== What the exercise asks ==
Everything from the line with "재즈오어낫의 'Ella Tumbler'는" down to the line with "Parapluie mini français" below must be printed exactly, those two lines included. Exclude pictures.

== Exercise inputs ==

______

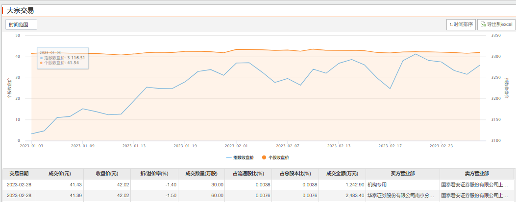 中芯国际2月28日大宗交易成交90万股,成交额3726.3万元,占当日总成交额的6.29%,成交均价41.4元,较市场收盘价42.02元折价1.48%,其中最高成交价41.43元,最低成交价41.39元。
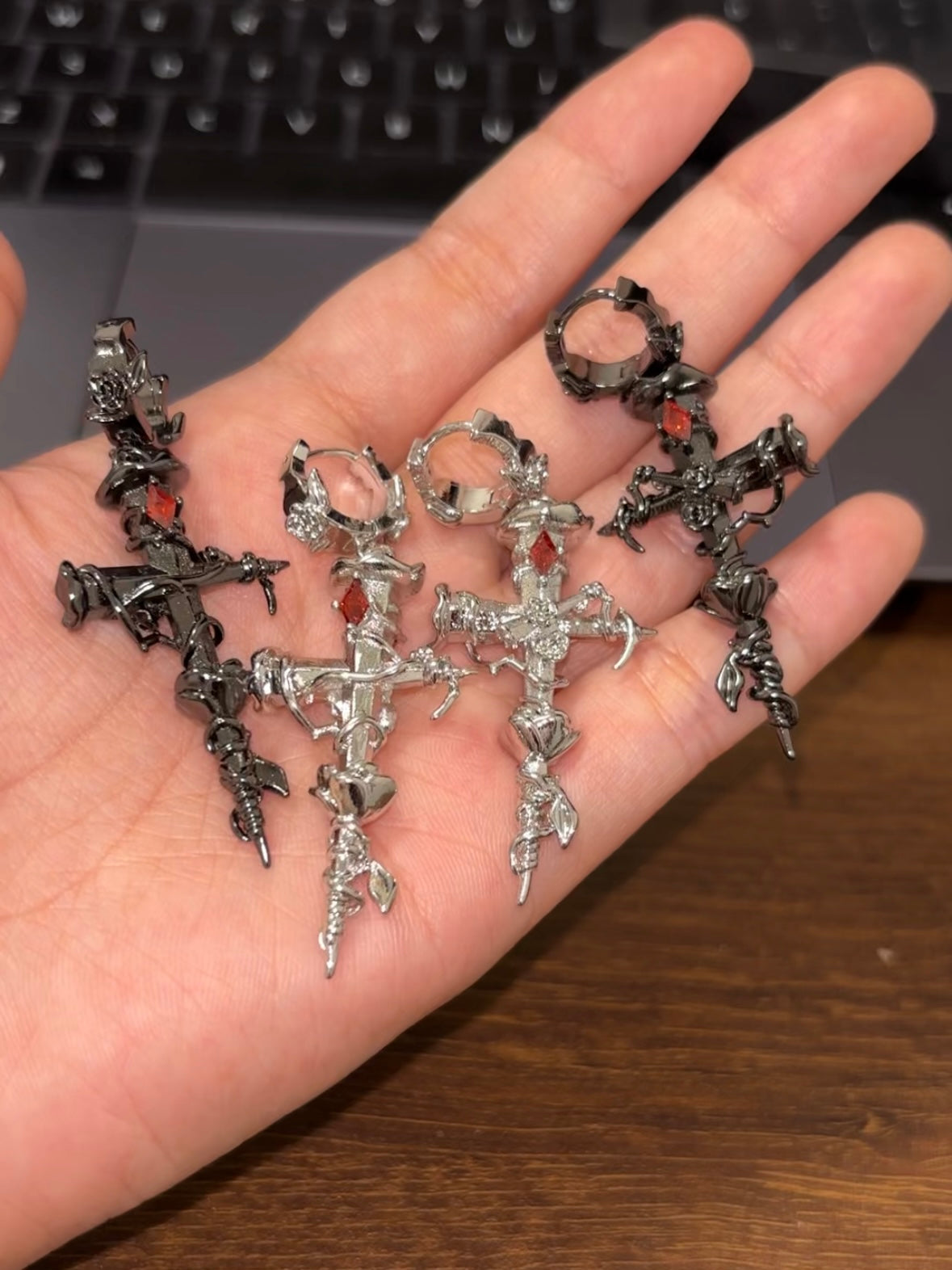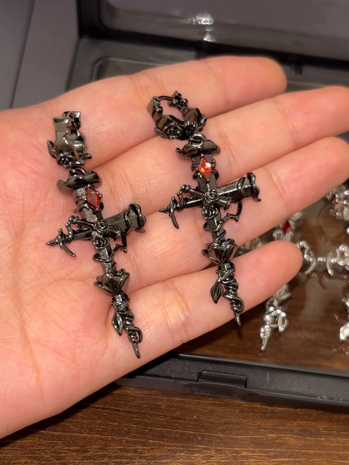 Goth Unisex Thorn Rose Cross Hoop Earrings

______

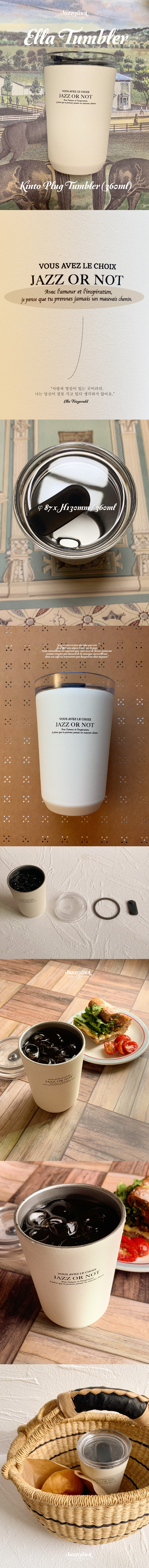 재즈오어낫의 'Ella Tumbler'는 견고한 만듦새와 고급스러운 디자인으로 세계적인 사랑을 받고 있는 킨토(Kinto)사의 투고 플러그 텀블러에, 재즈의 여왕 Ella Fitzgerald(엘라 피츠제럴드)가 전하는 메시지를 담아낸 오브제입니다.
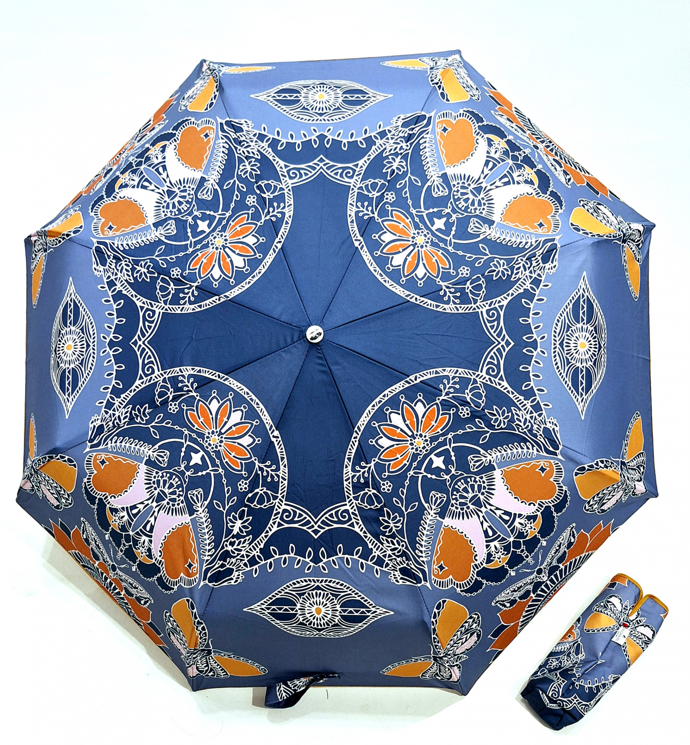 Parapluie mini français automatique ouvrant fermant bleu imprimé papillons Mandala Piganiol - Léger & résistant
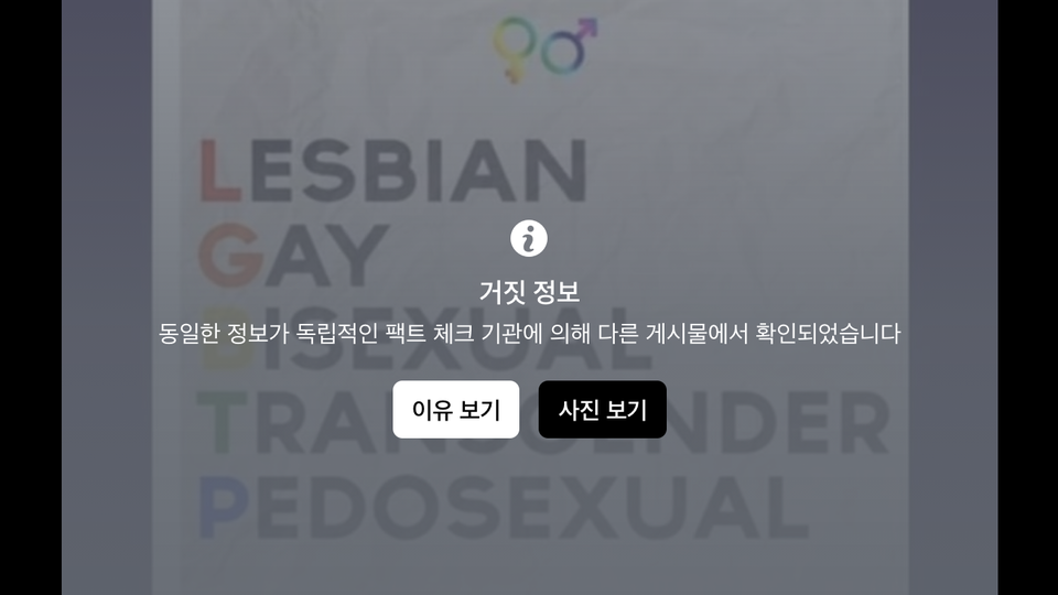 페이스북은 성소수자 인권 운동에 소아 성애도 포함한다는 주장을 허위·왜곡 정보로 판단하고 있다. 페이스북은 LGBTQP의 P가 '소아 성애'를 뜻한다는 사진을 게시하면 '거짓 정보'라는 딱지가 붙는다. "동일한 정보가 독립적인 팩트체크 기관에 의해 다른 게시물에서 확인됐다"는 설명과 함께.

______

== Written response ==
 재즈오어낫의 'Ella Tumbler'는 견고한 만듦새와 고급스러운 디자인으로 세계적인 사랑을 받고 있는 킨토(Kinto)사의 투고 플러그 텀블러에, 재즈의 여왕 Ella Fitzgerald(엘라 피츠제럴드)가 전하는 메시지를 담아낸 오브제입니다.
 Parapluie mini français automatique ouvrant fermant bleu imprimé papillons Mandala Piganiol - Léger & résistant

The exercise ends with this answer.